In the records below, reproduce exactly the lines from the one containing "有効期限は「2026年6月30日」です。 本件1枚にて4名様まで中部国際空港展望風呂「SOLA SPA" through the one containing "Zadanie: połącz guziki", both included, and omit the pictures.

Raw data:
========================================================================
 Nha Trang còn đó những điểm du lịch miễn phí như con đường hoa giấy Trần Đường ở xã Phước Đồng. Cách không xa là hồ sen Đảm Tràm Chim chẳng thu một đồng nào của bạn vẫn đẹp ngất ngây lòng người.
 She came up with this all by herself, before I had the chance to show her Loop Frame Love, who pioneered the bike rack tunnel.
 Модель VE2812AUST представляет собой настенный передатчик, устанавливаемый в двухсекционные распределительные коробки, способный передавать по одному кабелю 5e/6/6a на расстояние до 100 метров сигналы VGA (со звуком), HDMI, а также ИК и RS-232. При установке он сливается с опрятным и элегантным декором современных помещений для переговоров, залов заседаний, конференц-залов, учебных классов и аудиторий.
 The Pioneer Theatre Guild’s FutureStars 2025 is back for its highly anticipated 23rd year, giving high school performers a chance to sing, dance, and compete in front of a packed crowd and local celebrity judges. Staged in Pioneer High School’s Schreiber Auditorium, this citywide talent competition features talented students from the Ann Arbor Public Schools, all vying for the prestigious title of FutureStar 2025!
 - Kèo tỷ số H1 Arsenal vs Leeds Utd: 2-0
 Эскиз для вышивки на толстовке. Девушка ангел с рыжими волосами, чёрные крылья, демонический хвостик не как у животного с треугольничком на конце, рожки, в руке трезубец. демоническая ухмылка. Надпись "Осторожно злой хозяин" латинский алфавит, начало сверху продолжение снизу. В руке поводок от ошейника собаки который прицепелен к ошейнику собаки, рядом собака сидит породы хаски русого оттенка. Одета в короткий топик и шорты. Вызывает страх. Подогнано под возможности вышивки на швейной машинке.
========================================================================
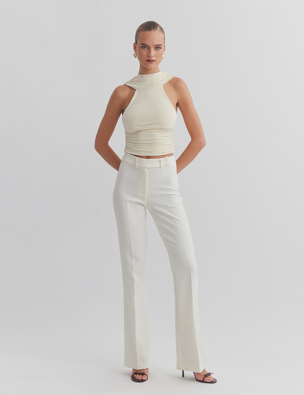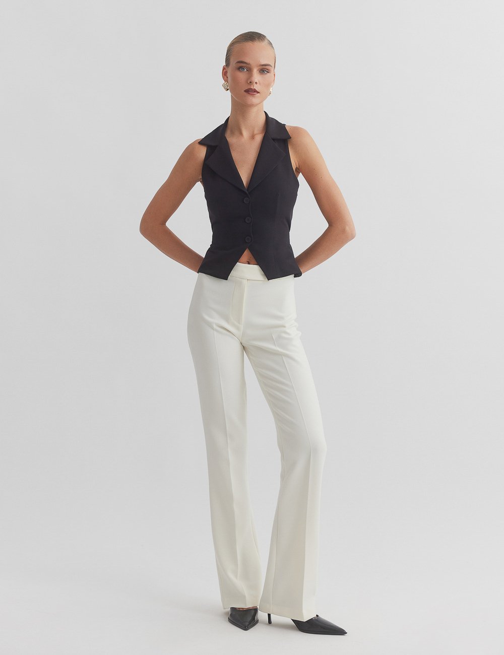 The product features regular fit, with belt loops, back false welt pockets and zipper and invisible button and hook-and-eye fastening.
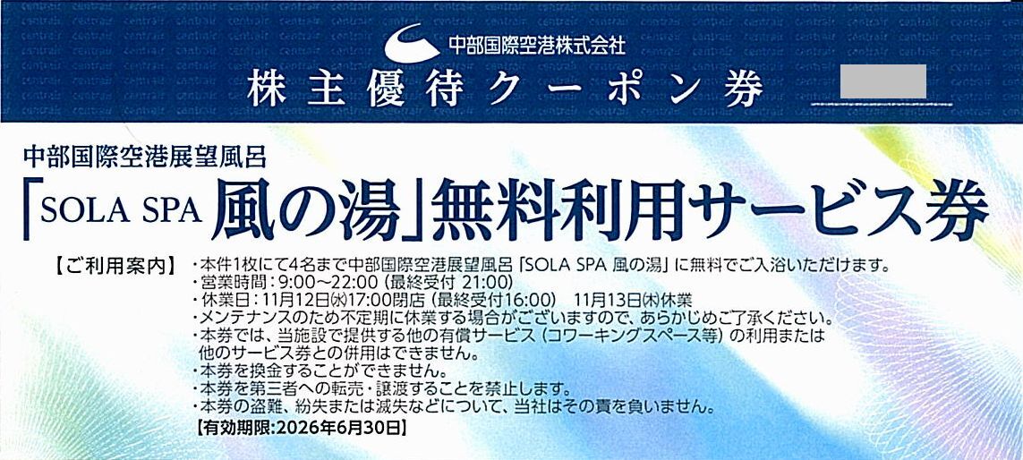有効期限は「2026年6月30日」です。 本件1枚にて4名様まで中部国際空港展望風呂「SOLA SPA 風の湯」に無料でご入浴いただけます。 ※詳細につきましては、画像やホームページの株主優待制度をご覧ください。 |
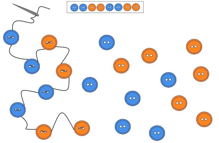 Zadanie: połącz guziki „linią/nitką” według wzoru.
========================================================================
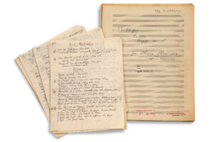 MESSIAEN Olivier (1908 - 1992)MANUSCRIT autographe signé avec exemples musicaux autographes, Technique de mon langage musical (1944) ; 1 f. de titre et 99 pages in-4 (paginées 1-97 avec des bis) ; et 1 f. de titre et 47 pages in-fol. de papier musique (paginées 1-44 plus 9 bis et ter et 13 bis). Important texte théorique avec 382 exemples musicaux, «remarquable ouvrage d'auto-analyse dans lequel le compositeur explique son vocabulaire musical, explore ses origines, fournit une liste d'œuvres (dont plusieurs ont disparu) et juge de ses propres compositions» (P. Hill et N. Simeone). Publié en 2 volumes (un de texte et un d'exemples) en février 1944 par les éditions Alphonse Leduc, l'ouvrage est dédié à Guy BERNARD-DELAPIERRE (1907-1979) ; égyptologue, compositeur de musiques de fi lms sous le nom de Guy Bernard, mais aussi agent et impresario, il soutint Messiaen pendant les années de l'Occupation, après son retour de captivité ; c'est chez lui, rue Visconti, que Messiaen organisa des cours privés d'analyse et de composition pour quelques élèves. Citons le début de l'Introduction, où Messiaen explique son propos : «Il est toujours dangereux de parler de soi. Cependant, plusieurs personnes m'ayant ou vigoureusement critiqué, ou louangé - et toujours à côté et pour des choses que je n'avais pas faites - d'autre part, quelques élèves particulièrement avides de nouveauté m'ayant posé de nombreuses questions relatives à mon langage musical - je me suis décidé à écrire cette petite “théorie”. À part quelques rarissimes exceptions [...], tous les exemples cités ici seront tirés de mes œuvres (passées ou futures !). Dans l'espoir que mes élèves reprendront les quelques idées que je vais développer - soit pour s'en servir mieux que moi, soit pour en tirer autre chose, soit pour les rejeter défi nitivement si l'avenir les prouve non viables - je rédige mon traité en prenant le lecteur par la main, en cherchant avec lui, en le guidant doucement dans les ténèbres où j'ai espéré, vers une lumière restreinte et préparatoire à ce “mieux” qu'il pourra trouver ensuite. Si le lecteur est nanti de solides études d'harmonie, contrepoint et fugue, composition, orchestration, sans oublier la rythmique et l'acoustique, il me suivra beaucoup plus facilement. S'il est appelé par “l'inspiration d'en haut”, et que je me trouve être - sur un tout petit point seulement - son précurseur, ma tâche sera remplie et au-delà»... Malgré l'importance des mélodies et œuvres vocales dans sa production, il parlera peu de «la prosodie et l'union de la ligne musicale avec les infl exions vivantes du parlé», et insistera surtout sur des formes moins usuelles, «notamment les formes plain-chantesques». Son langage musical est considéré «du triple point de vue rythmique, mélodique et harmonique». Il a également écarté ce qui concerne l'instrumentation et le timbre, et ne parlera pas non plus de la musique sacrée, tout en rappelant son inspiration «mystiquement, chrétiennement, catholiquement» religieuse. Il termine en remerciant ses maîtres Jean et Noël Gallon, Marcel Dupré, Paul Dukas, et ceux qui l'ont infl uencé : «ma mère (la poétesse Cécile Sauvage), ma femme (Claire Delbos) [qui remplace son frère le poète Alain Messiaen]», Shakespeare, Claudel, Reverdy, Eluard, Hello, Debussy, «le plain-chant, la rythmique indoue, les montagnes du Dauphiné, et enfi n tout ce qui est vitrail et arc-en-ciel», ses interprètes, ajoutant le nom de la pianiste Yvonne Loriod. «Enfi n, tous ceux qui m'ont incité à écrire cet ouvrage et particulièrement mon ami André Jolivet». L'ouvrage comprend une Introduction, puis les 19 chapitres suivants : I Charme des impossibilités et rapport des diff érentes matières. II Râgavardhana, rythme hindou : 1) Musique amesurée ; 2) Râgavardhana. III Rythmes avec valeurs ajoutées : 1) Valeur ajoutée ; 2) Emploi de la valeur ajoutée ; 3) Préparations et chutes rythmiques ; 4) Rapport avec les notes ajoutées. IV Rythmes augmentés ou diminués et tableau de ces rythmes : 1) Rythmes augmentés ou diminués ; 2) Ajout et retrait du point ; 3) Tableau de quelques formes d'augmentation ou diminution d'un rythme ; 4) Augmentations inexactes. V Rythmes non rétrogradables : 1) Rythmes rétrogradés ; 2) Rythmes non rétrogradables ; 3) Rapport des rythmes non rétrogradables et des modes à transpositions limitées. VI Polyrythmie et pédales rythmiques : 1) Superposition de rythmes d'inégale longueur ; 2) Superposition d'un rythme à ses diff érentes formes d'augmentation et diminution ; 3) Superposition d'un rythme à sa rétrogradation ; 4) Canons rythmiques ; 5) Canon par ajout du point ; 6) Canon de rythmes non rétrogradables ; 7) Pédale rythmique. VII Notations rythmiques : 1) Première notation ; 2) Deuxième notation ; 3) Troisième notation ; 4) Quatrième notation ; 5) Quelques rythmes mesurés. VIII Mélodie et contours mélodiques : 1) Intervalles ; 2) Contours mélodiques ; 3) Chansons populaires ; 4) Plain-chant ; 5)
========================================================================
The completed task:
有効期限は「2026年6月30日」です。 本件1枚にて4名様まで中部国際空港展望風呂「SOLA SPA 風の湯」に無料でご入浴いただけます。 ※詳細につきましては、画像やホームページの株主優待制度をご覧ください。 |
 Zadanie: połącz guziki „linią/nitką” według wzoru.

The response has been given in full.